Organizations that have adopted an anticipatory mindset and culture enjoy a variety of powerful advantages over those that rely on strategies that simply aren’t as effective as they once might have been.

Business agility is the strategy to react to change as quickly as possible to address problems and changing market conditions.

Does that make business agility an extinct dinosaur? Far from it, so long as you understand its strengths and weaknesses.

Why business agility is no longer enough

Countless organizations have long prized agility as the best way to deal with the speed of change and disruption.

The prevailing mindset was:

the faster and more efficiently you were able to react, the quicker off the mark you would be with regard to beating your competitors to the punch

The increasing number of organizations being disrupted by digital technology clearly indicates that agility is simply no longer as useful. It may have been the key strategy that once protected and defended your company against change, but not anymore.

Given the ever-increasing speed with which technology is driving change of all sorts, agility in many cases can only slow down the speed with which you fall behind.

It’s like being a tightrope walker who sees that the cable is about to break. You can be as agile as the day is long, but you’re still headed for a fall!

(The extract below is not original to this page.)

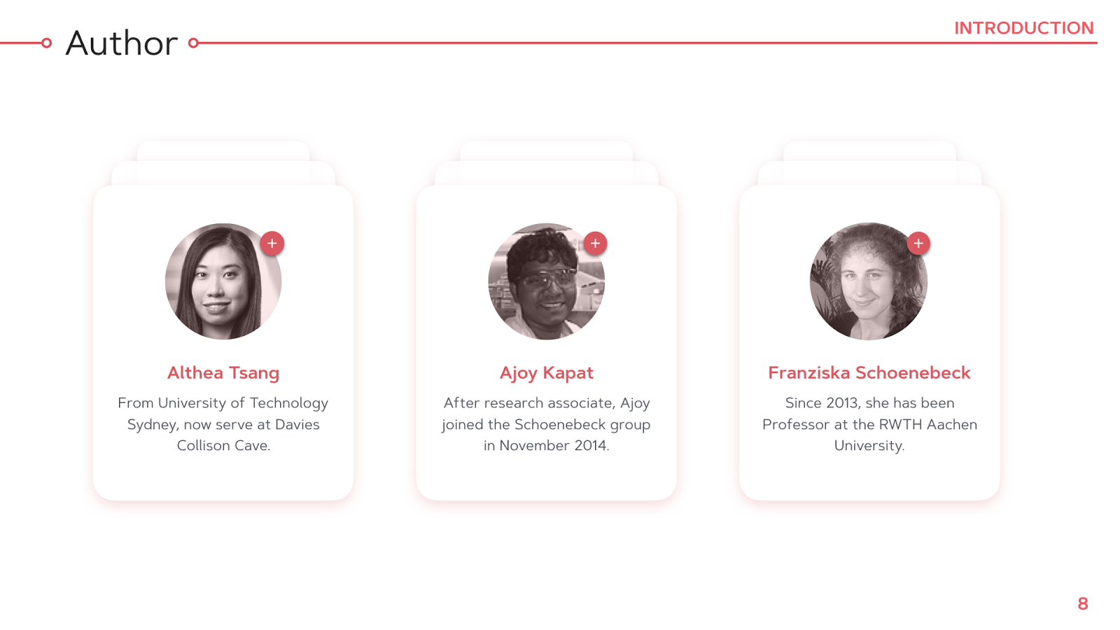 今天,如果我需要再做以上三位作者介紹的投影片,我可以怎麼利用這個素材?其實也很簡單,把這一頁中間的素材們全選起來貼上我的新投影片,將文字、照片等填入相對應的位置。最重要的是,要把這些素材的風格改成我新投影片的風格,因此我將顏色修改為紅色系、換掉了字體,也更改了母片的設置。如此,就能在很短的時間內製作出以下的投影片。

Further, being agile doesn’t lend itself to innovation, particularly the sort of game-changing innovation that every organization strives for.

For example, one of Time magazine’s choices for great innovations was an adaptive device that, once connected to a stethoscope, automatically transfers data to a smartphone for ready analysis. The device can identify health issues that a human ear often can’t detect.

Did the developers of that innovation use agility to come up with their breakthrough idea? Being agile would not have helped. Agile innovation is good, but it will position you as a follower and keep you from jumping ahead.

The place for agility

So, given the stage of exponential change we are currently in,  does the reactive nature of business agility provide enough, or should we give it a decent burial?

Not at all!

The ability to be agile is a key strategy in both an organization’s and an individual’s toolbox.

After all, there are always going to be unpredictable problems that demand rapid solutions. There’s always unforeseen situations that mandate fast decisions, and other shifts and challenges that require quick analysis and response.

But it’s important to keep business agility in a proper context.

Agility is the ideal strategy for:

  1. Unpredictable change.
  2. Reacting quickly after a change occurs.
  3. Solving problems quickly after they occur.
  4. Creating a competitive advantage over slower rivals.

In other words, agility is a reactive strategy, and you should be using it as a key strategy, but don’t treat it as the panacea to change and innovation that many organizations assume it still is.

Reaction is all well and good, but it doesn’t allow you to leap ahead in both your thinking and action.

At the very least, it’s just another step in the dance that protects the status quo.

Anticipation—the more powerful option

Let’s be clear: I want you to be agile, and no methodology will allow you to accurately predict everything.

But, business agility needs to be balanced with a new key strategy—becoming anticipatory if you want to become the disruptor and turn change into game-changing opportunity.

It may seem the stuff of science fiction to some, but our Anticipatory Organization Model has proven itself over time and is geared toward showing both organizations and individuals how to anticipate the future and make bold moves with the utmost confidence. It’s the ideal strategy for:

  1. Turning disruption and change into an opportunity.
  2. Identifying and acting on the change before it occurs.
  3. Identifying and pre-solving problems before they occur.
  4. Driving exponential innovation with reduced risk.
  5. Jumping ahead of competitors with the confidence that comes from certainty.

One of the keys lies in the proven methodology of identifying both Hard and Soft Trends.

Hard Trends are about future facts. They will happen, they are those future events we can all bank on that is becoming more sophisticated and useful at a predictable, exponential rate.

By contrast, Soft Trends are based on assumptions and represent future possibilities—things that may or may not occur but which are open to influence.

Leveraging those two concepts allows organizations to plan and carry out strategy with a newfound level of confidence that fosters rapid growth and accelerated innovation.


There will always be a place for business agility in the most successful and prosperous organizations. But we need to know that a focus on agility doesn’t preclude the far more proactive ability to be anticipatory whenever possible.

The ideal would be to consider agile and anticipatory as synergistic strategies.

When used together with strategic intent, they can accelerate innovation, growth, and results.

By adopting an anticipatory mindset and culture, change and disruption become your biggest competitive advantage.